恨めしそうに見上げながら死んだ男から興味を外し、血の色に染まる宴席を見回す。アレサを見つけた敵がまた二人迫るが、彼らもまた風のような動きに斬撃を搔い潜られ、その腹を深々と裂かれるのみだ。臓腑をまき散らしながら、敵がまたガルーナの土に沈む。
「ば、バケモノめ!!」
「か、囲め!!囲めえええええ!!」
「……私ばかりに見惚れているとは、愚かなものたちだ」
ここは、ストラウス一族の宴席である。奇襲と混乱に呑まれたせいで、遅れを取りはしたものの、アレサの働きに敵どもの動きが釘付けにされれば、結婚式に呼ばれた者たちも対処を始める。
練られた計画ほど、外れたときに脆さも出た。弓隊の射撃を頼った策であることをアレサに看破され、そこから打撃されたことは痛い。
「……鋼での打ち合いを好む勇敢さは正しい。だが、今はそうあるべきではなかった。貴様らも、不本意な策ではあったというわけだ。主と手下の不一致も、弱さとなる」
矢を放った後、それを捨ててから突撃した敵も多かった。近接での武器を使った戦いを、この暗殺者どもの半数が望んでしまっている。矢の雨を降らせ続けた方が、戦術としては強かったのだが……そうはならない。
アレサは微笑む。
「我が祖国の、愚直なる勇敢さは、まことに愛おしいぞ」
皮肉ではない評価であった。竜のような勇敢さを、それに殉じたいと願望するガルーナの戦士たちを、返り血まみれの乙女は愛せる。
自らに迫って来た暗殺者と再び斬り結び、その男の腕を断って落とした。

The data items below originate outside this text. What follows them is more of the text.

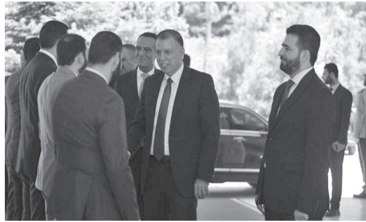
كما أدان الضراية التفجيرات الإرهابية، التي شهدتها العاصمة
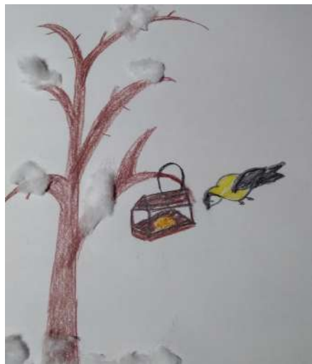
«Долгожданный обед» Миррон Шустов
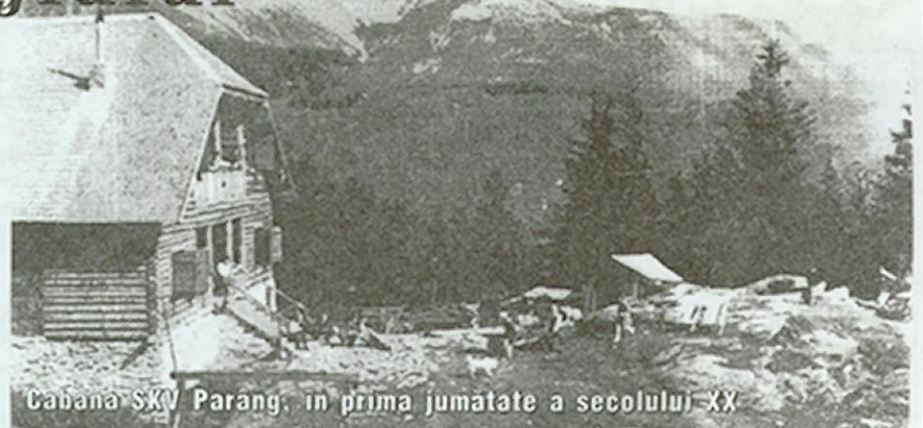
Cabana SKV Parâng, în prima jumătate a secolului XX

Încă de la constituire Asociația SKV a avut în vedere organizarea activității turistice și în Masivul Parâng, unde la sfârșitul secolului XIX a construit una din primele cabane din țară.
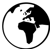
Región San Miguel
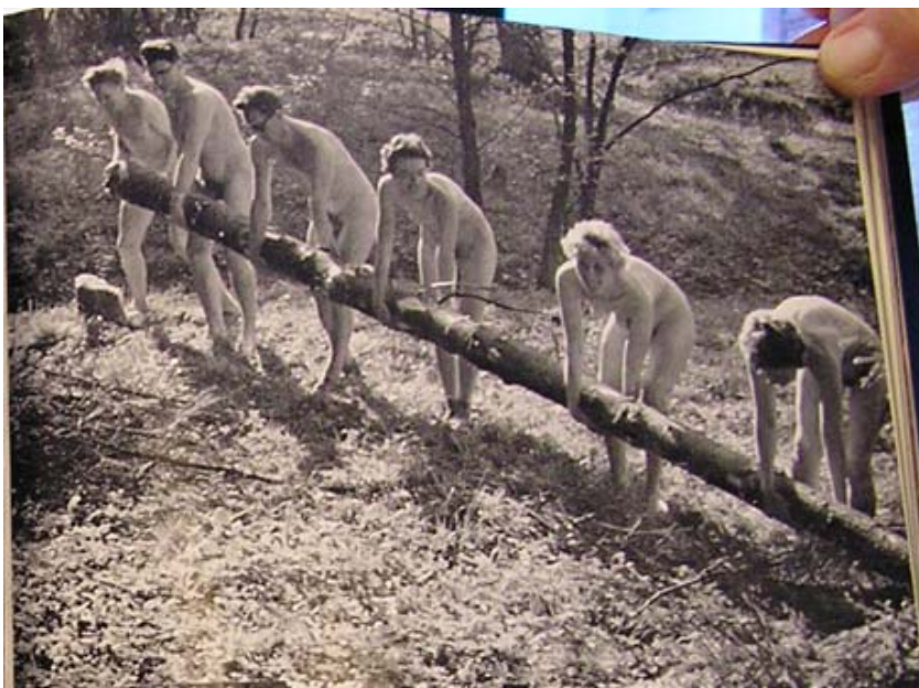
Lars medlem nr. 792

Engang omkring år 2003 ophører man med at have poletter for varmt vand til brusebad og det kan nævnes at i 1996 kostede 1 polet 4 kr. – 10 poletter 30 kr. og returprisen var 3 kr. og der var ikke tid nok til et bad med 1 polet. Til sammenligning var overnatningsgebyret for et medlem 25 kr.
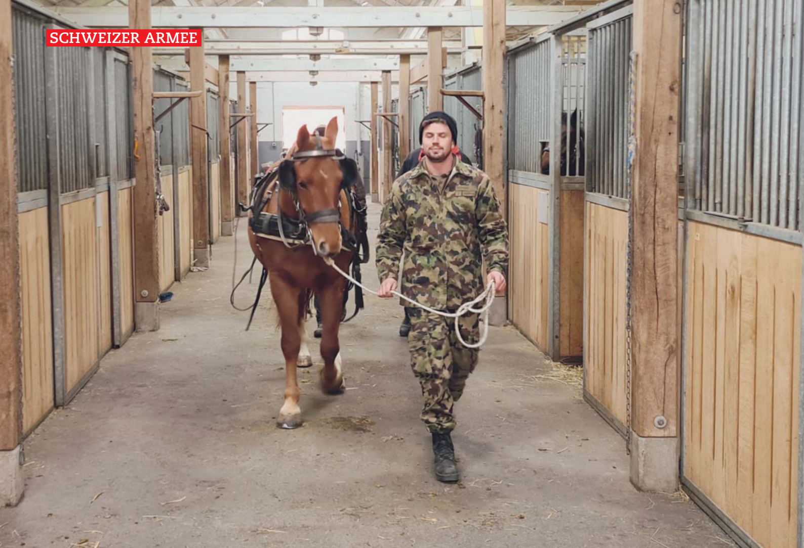
Préparation dans les écuries. / Vorbereitung im Stall.
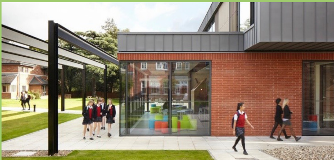
1 pav. nuotrauka iš investicinio projekto
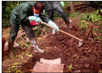
Duhö mangawuli tögi faoma tambu nikhao
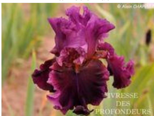
Ivresse des Profondeurs
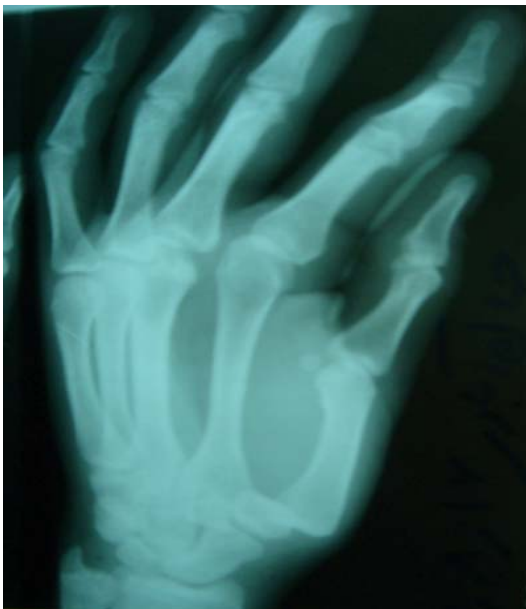
تصویر ۱- گرافی ساده قدامی- خلفی (AP) از دست بیمار که نشان دهنده دررفتگی پستی I- CMC بود
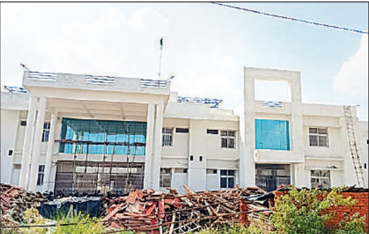
अवध विवि में निर्माणाधीन मल्टी परपज लेक्चर भवन।

अमृत विचार : डॉ. राम मनोहर लोहिया अवध विश्वविद्यालय में नवीन परिसर समेत कई महत्वपूर्ण परियोजनाएं लंबे समय से अधूरी पड़ी हैं। जिससे न केवल विश्वविद्यालय की प्रगति प्रभावित हो रही है, बल्कि शैक्षणिक और प्रशासनिक गतिविधियां भी बाधित हो रही हैं। विश्वविद्यालय अपने मद से करीब 30 करोड़ की परियोजनाओं पर कार्य करा रहा है। यह धनराशि केंद्र से मिले 100 करोड़ से अलग है। यह परियोजनाएं अब तक पूरी हो जानी चाहिए थीं, लेकिन प्रगति की धीमी गति ने कई सवाल खड़े कर दिए हैं। इन अधूरी परियोजनाओं में नवीन परिसर का निर्माण प्रमुख है। जो विश्वविद्यालय के विस्तार
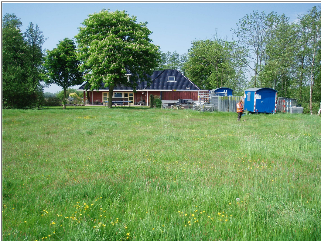
Figuur 2: Surhuizum, Miedwei 64: Foto genomen in zuidwestelijke richting. Rechts op de foto wordt boring 6 uitgevoerd. Daar zal ook de schuur gebouwd worden.

Miedwei 64 ligt in het buitengebied van Surhuizum in het buurtschap Surhuizumer Mieden (zie Figuur 1). Het plangebied ligt vanaf de weg gezien achter het woonperceel dus noordoostelijk van de woning. Tijdens het onderzoek maakte dit terrein nog deel uit van een perceel grasland (zie Figuur 2).
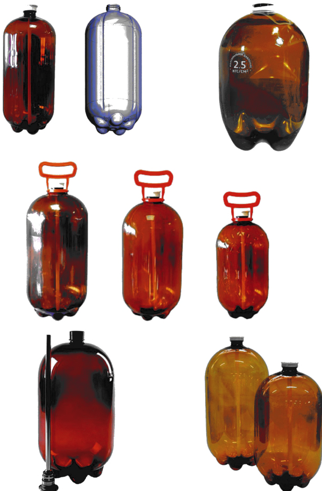
Рисунок А. 3 — Кеги (бутыли)
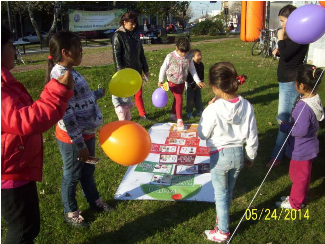
Tradicional rayuela que invita a reflexionar sobre los derechos. Proyecto de extensión "El desafío de prevenir la violencia en articulación con el Proyecto La Plaza de la Salud " ambos de la Facultad de Medicina.
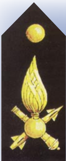
Οπλόσημο του Πυροβολικού

πιο εκλεπτυσμένο όπλο, ο «πρίγκιπας» του Στρατού), επικράτησε μια περιδεής φήμη ότι τάχα το Πυροβολικό στερείται τη δάφνη επειδή είναι «άτιμο Σώμα», γιατί δήθεν κατά τον ατυχή Ελληνοτουρκικό Πόλεμο του 1897 έχασε τη σημαία σε μια μάχη (υπάρχει και παραλλαγή που το φέρει να αποκοιμήθηκε στο πεδίο της μάχης). Κάτι τέτοιο σαφώς δεν ισχύει (το Πυροβολικό ουδέποτε είχε σημαία, με αποτέλεσμα να μην μπορεί να τη χάσει!), ούτε ανταποκρίνεται στην πραγματικότητα, αλλά είναι ενδεικτικό της σοβαρότητας που κατέχει στη συνείδησή μας η απώλεια της σημαίας.

男は、剣もそれを振るう腕を失ってもなお、アレサ目掛けて身を突撃させる。噛みつこうとしたらしいが、その頭突きめいた動きを躱しながら、竜騎士姫の牙が交差し獲物を襲った。
深々と、男の首に乙女の歯列が喰い込む。
驚く男の体を剣持つ拳で押し付けながら、しなやかに首と背骨を伸ばした。
まるで、敵の肉を食い千切る白竜フィーエンのような動作。喰われた敵の首が放つ血を浴びる乙女に、敵どころか味方側の戦士らも恐怖で身を凍てつかせた。
「りゅ、竜騎士姫…………」
その名にあまりにも相応しい乙女であることを、ガルーナの男たちは再び教えられていたのだ。牙を使って殺した男の前で、可憐なまでの細さをもつ白い首は肉を呑み込む。